Ashes to ashes - our holiday hell

Gary Lineker is in the papers today after he "spent a gruelling 24 hours travelling by plane, car and train to make it back from Spain" in time to present Match Of The Day last night.

A friend of mine has also been on holiday in Spain with his family. Unlike the former England footballer, they are still there. Yesterday he emailed to say:

We are currently on the train to Madrid from Malaga and will stay in Madrid overnight. We have two days to make the 766 miles to Cherbourg.

One of our UK contacts has booked all six of us on a ferry journey from Cherbourg to Portsmouth Monday night so we should be on the UK mainland Tuesday morning.

Last night he emailed again to report a change of plan:

Looks like we are now competing with travellers from all over the world who want to land in Spain (southern Europe) and make their way overland home (Germany, Belgium etc, I have met them all).

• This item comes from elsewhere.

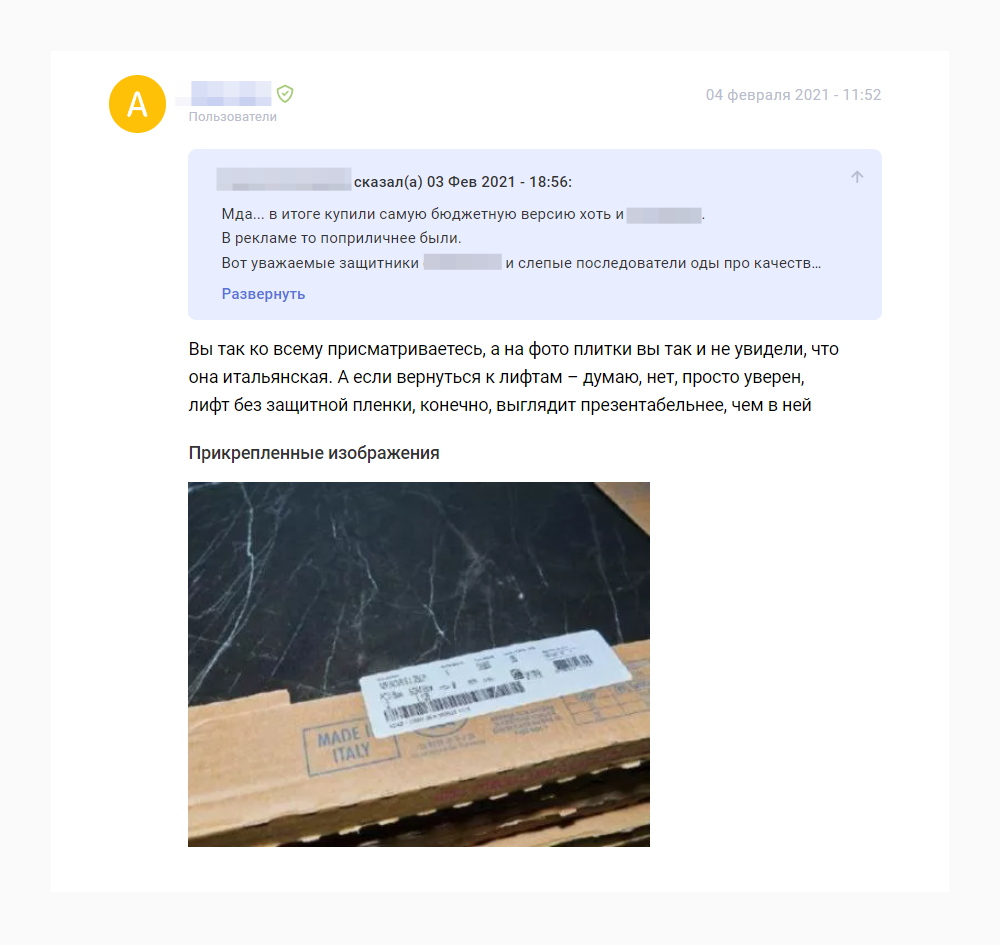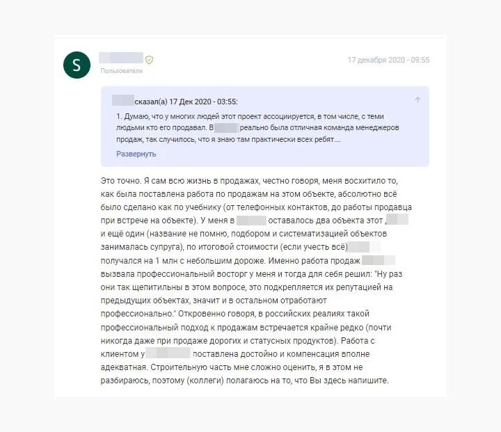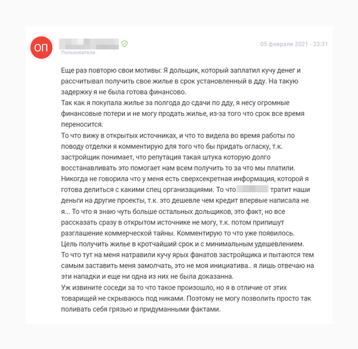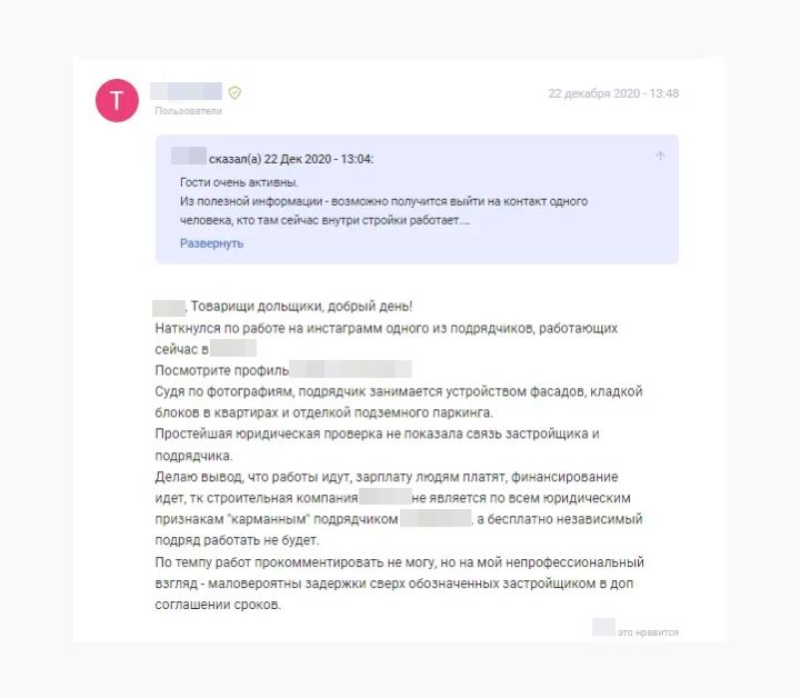 На первом этапе работ, мы делали упор на то, что необходимо подтвердить факт причастности пользователей форума к застройщику, аргументируя это тем, что многие участники обсуждения возможно и не являются клиентами заказчика. Наши активные действия привлекли внимание модератора форума. В результате была создана отдельная ветка для авторизованных пользователей, предоставивших сканы официальных документов, подтверждающих факт сотрудничества с компанией. Проверенные пользователи отмечались вот таким значком справа от имени.
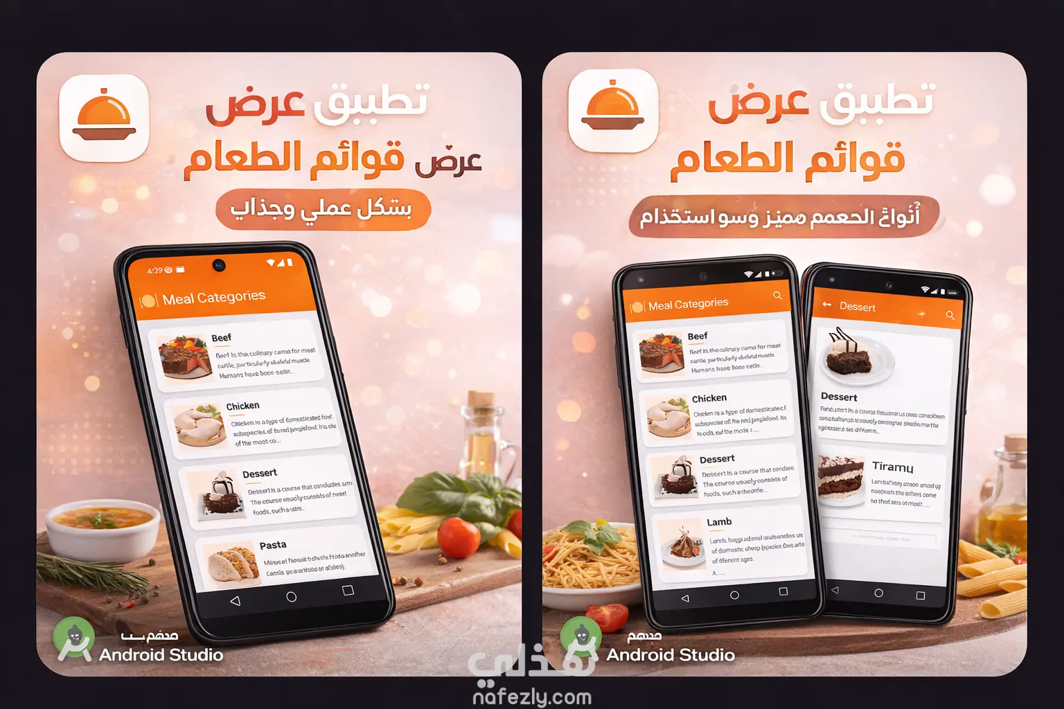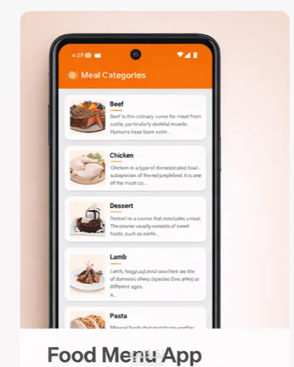 تطبيق Android لعرض قوائم الطعام (Food Menu) بطريقة منظمة وجذابة، يهدف إلى تحسين تجربة المستخدم في تصفح أنواع الأطعمة المختلفة بسهولة. يتيح التطبيق للمستخدم: تصفح تصنيفات الطعام (لحوم – دجاج – حلويات – وغيرها) عرض صور لكل صنف بشكل جذاب قراءة وصف مختصر لكل نوع من الأطعمة واجهة سهلة وسريعة في التنقل يتميز التطبيق بتصميم UI عصري يعتمد على: Cards منظمة لعرض المحتوى ألوان مريحة (Orange Theme) تعكس طابع الطعام استخدام الصور لتحسين تجربة المستخدم التقنيات المستخدمة: Android (Java / Kotlin) RecyclerView لعرض القوائم Material Design تصميم UI/UX بسيط واحترافي الهدف من التطبيق هو تقديم تجربة سهلة وجذابة لعرض قوائم الطعام، مناسبة لتطبيقات المطاعم أو خدمات الدليفري.

So where are we? Well, the Cherbourg trip is out - all trains out of Madrid to France are booked. But we managed a confirmed booking to Paris from Madrid on Tuesday arriving at 2330hrs. But we had to pay cash to Spanish railways for the trip from the border part (they accepted a card for the Spain portion) into France because there might be a strike by the French.

We are waiting to hear if our tickets for the 0719 Eurostar on Wednesday from Paris into Kings Cross have come through. If not it may be Calais on foot. But at least we are closer to home.

This morning came the news that:

We are staying in Madrid until Tuesday morning. The cloud persists here in Madrid but we hope to be in Dover 1600hrs Wednesday. The Eurostar tickets which were £745 for all six of us last night were £1831 this morning. So we have booked a train from Paris Wednesday 0758hrs morning to Calais and then the ferry.

We also need to book a hotel v v near the station in Paris Tuesday night so we can leave 0700hrs Wed morning. The only potential problem we can see right now is a strike on the French side Tuesday afternoon.

My friend, who works in financial services, predicts that:

This volcanic thing is going to be bigger than 9/11 in terms of its economic effect. Watch the pound plummet Monday as a result of the Lib surge and this event.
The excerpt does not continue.